* **YOUR ASSIGNMENT**: The data below should be transcribed in full, with no picture included.

___ DATA SHOWN

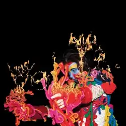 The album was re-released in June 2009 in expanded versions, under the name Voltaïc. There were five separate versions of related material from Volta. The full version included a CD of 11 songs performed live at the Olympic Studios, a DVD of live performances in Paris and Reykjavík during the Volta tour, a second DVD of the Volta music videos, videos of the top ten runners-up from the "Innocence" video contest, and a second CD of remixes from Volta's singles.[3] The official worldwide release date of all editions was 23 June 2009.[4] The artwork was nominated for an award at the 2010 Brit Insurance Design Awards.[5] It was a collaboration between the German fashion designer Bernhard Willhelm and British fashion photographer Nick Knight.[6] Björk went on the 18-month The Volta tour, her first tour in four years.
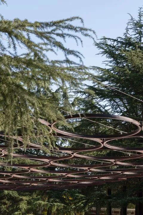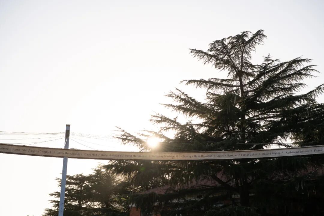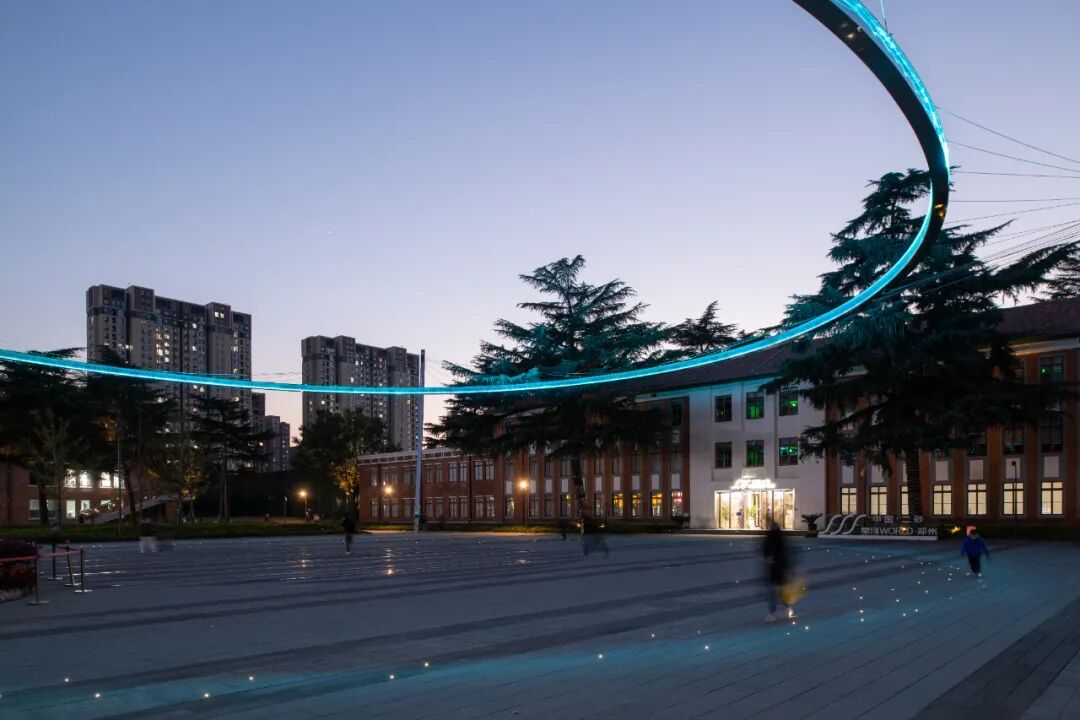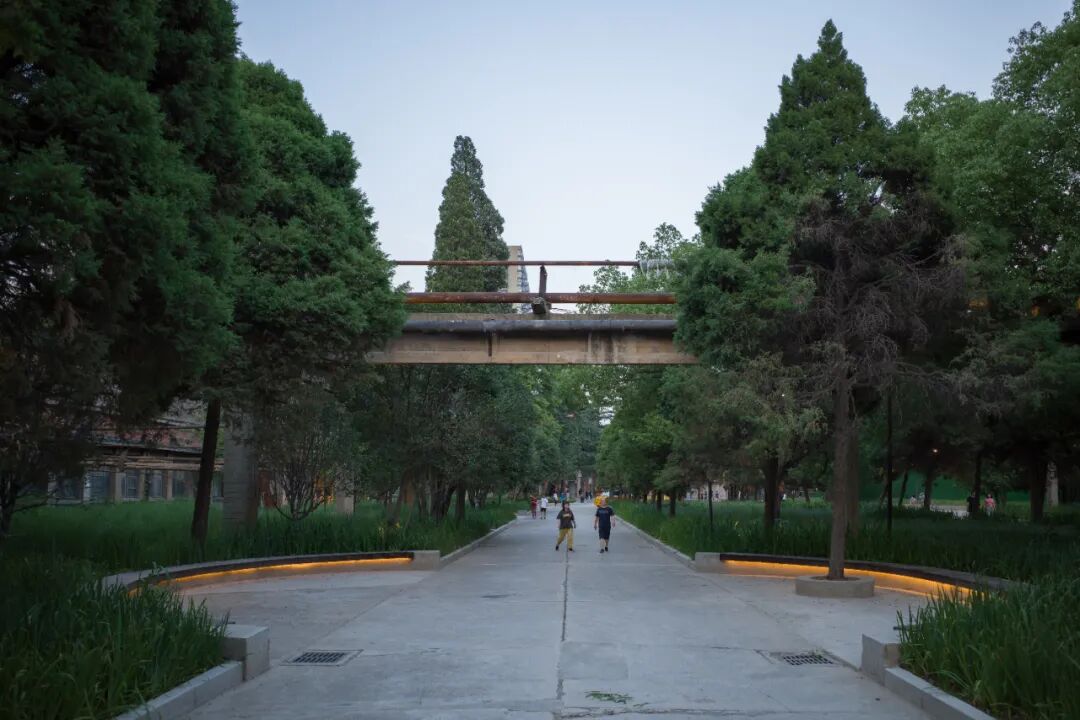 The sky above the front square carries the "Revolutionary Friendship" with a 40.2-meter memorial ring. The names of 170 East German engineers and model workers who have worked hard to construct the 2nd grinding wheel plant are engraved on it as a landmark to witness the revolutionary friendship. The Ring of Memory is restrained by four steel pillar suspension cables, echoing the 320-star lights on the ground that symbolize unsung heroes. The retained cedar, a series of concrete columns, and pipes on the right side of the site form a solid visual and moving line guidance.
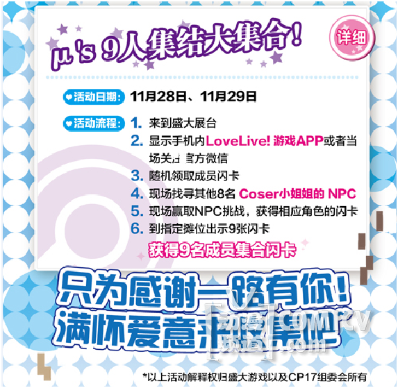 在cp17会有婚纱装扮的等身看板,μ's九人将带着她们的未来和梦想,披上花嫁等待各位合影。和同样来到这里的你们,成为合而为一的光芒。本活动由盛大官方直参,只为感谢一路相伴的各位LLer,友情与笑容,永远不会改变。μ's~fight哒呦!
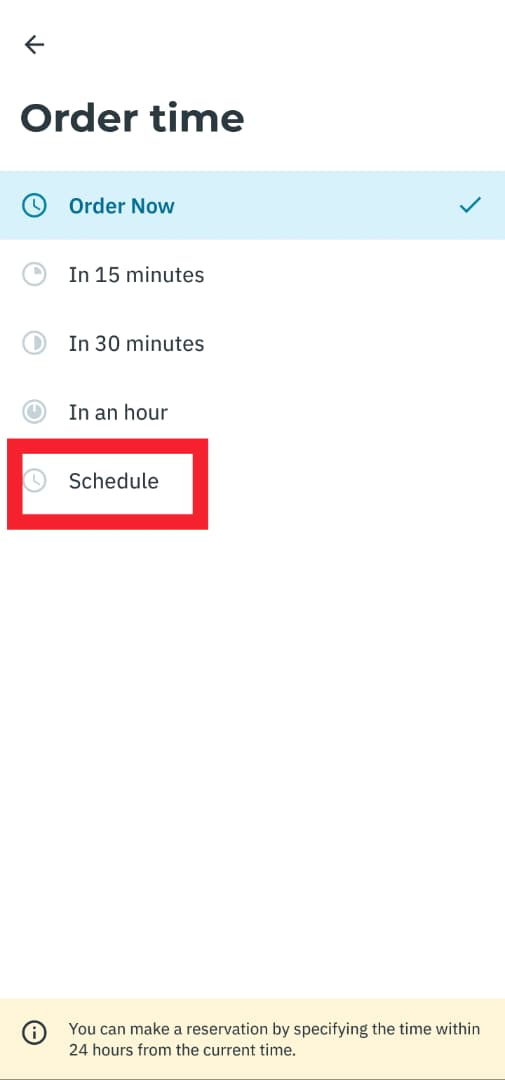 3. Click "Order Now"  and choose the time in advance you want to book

______

* **RESULT OF THE TASK**:
 The album was re-released in June 2009 in expanded versions, under the name Voltaïc. There were five separate versions of related material from Volta. The full version included a CD of 11 songs performed live at the Olympic Studios, a DVD of live performances in Paris and Reykjavík during the Volta tour, a second DVD of the Volta music videos, videos of the top ten runners-up from the "Innocence" video contest, and a second CD of remixes from Volta's singles.[3] The official worldwide release date of all editions was 23 June 2009.[4] The artwork was nominated for an award at the 2010 Brit Insurance Design Awards.[5] It was a collaboration between the German fashion designer Bernhard Willhelm and British fashion photographer Nick Knight.[6] Björk went on the 18-month The Volta tour, her first tour in four years.
 The sky above the front square carries the "Revolutionary Friendship" with a 40.2-meter memorial ring. The names of 170 East German engineers and model workers who have worked hard to construct the 2nd grinding wheel plant are engraved on it as a landmark to witness the revolutionary friendship. The Ring of Memory is restrained by four steel pillar suspension cables, echoing the 320-star lights on the ground that symbolize unsung heroes. The retained cedar, a series of concrete columns, and pipes on the right side of the site form a solid visual and moving line guidance.
 在cp17会有婚纱装扮的等身看板,μ's九人将带着她们的未来和梦想,披上花嫁等待各位合影。和同样来到这里的你们,成为合而为一的光芒。本活动由盛大官方直参,只为感谢一路相伴的各位LLer,友情与笑容,永远不会改变。μ's~fight哒呦!
 3. Click "Order Now"  and choose the time in advance you want to book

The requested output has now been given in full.